In this sense, the coup strategy of this sector of the right wing and the U.S. government did not achieve its main immediate objective. On the contrary, it generated a high degree of repudiation in sectors of the population that did not support the Maduro government. At the same time, it fragmented the opposition and lost internal ground against the opposition variables that did participate in the elections, as in the case of the parliamentary elections of 2020.

So now the main change in the political situation is related to the virtual failure of the strategy of this sector and its loss of gravitation among the domestic opposition. This element is combined with a change in the correlation of forces in the continent, as a result of the popular rebellions that are sweeping the continent and the retreat of the Lima Group.

That is why the simple fact that these sectors must once again accept the government’s proposal to generate a dialogue is a victory for chavismo. It is the transition from an inflamed rhetoric marked by the demand for the “end of the usurpation” to the acceptance of the dialogue.

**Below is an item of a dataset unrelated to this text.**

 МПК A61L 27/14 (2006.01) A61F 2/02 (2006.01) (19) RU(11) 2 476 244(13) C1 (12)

However, it is necessary not to underestimate the damage that these strategies have caused both to the government and to the population as a whole, mainly in relation to the blockade and the economic coercive measures. The latter generate a distressing social unrest in a population that must survive in an increasingly battered and cornered economy.

In the current round of negotiations, a memorandum of understanding was signed between the two parties.

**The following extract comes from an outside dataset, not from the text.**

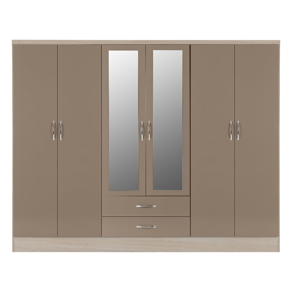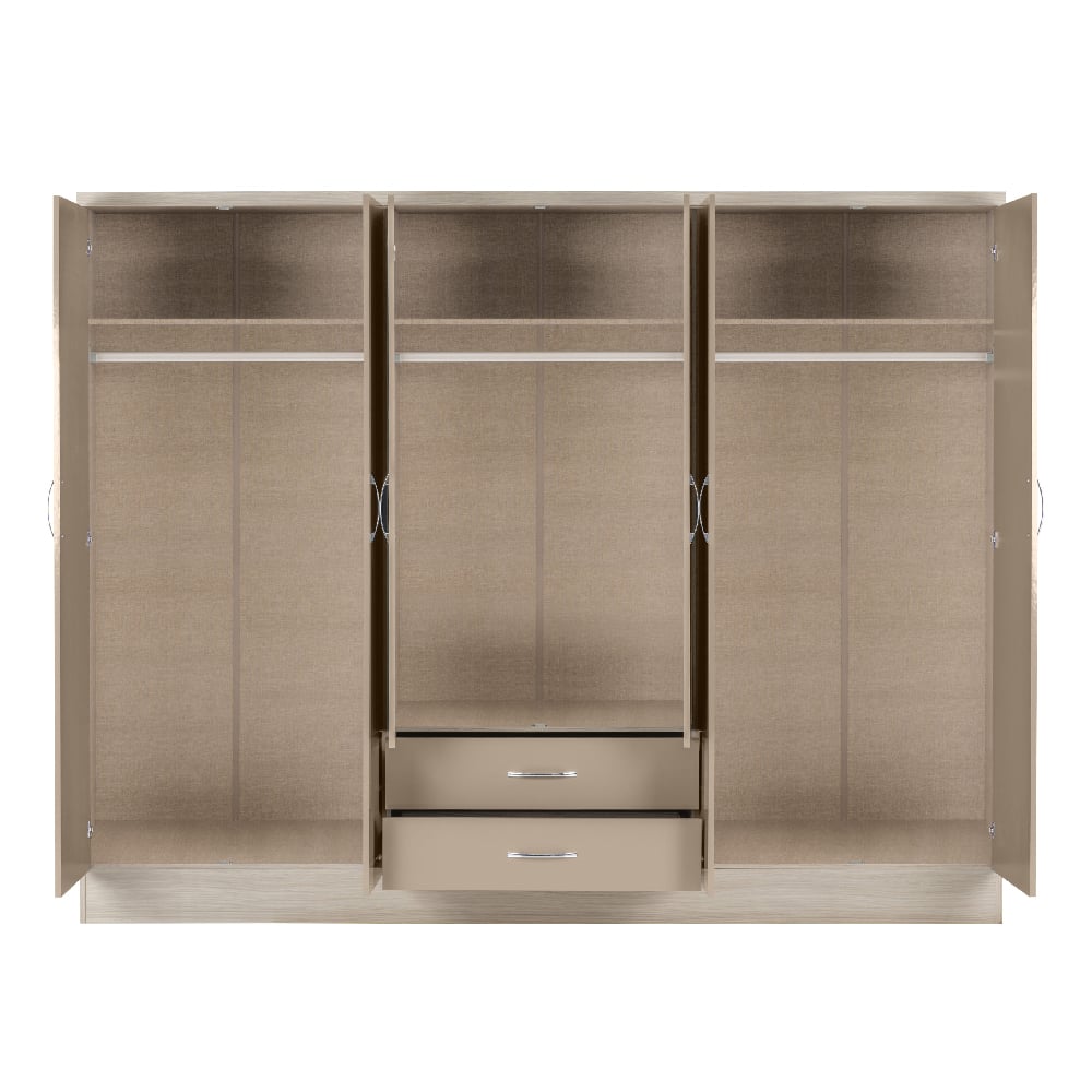 The CHOICEWARDROBE Mack 6 Door Wardrobe in Oak with Grey Gloss Front is a large-format storage system designed for bedrooms that require visual refinement and serious internal capacity. The contrast between natural oak tones and a smooth grey gloss front delivers a balanced, architectural presence suitable for modern and transitional interiors.

It sets out a sort of “road map” of the points to be agreed upon. The next round of talks will take place from September 3 to 6. Seven points were agreed upon in the memorandum: political rights for all; electoral guarantees; lifting of “sanctions”; respect for the Constitutional State; political and social coexistence; protection of the national economy; and guarantees for the implementation and follow-up of the agreements.

The point referring to the lifting of economic sanctions is of special importance, since, in the words of Benigno Alarcón Deza -director of the opposition media politikaucab- it is both the main point of Chavismo’s demands and “the most important pressure on the government and the only point of leverage”.

On this point, the memorandum proposes an agreement on “the need for sanctions against the Venezuelan State to be lifted, vindicating independence, freedom, sovereignty, immunity, territorial integrity and national self-determination as inalienable rights of the nation”. In this way, as stated by Franco Vielma, “a commitment is established by the parties in the recognition of the blockade of the country as a harmful act of external interference.”

It should be recalled that the negotiation table in Mexico is being held simultaneously with the electoral process called for November 21, in which governors and mayors will be elected for the period 2021-2025. Currently, from August 9 to 29 of the same month, the nomination stage of the competing lists is taking place.

The PSUV has already registered its candidates, which were selected through Open Primary Elections (EPA) within the Party. The primaries have been transformed into a great campaign of political debate and mobilization of the ranks of Chavismo; a process that enables a generational replacement and a reorganization of the party’s power structure. On the other hand, Nicolás Maduro, President of the PSUV, has been indicating that the party militancy should focus on the construction of the Communal State, Chávez’s legacy and strategic project.

The international follow up of the dialogue tables will be a pressure point for them to reach some port and not be shipwrecked. It remains to be seen if the right wing changes its tactics in pursuit of the construction of an electorally competitive alternative that tries to collect a good part of the uneasiness it itself caused or if, on the contrary, it will be identified as the main responsible party. Be that as it may, the change of play by the opposition does not mean the renunciation of its strategic objective: the overthrow of the Bolivarian Revolution.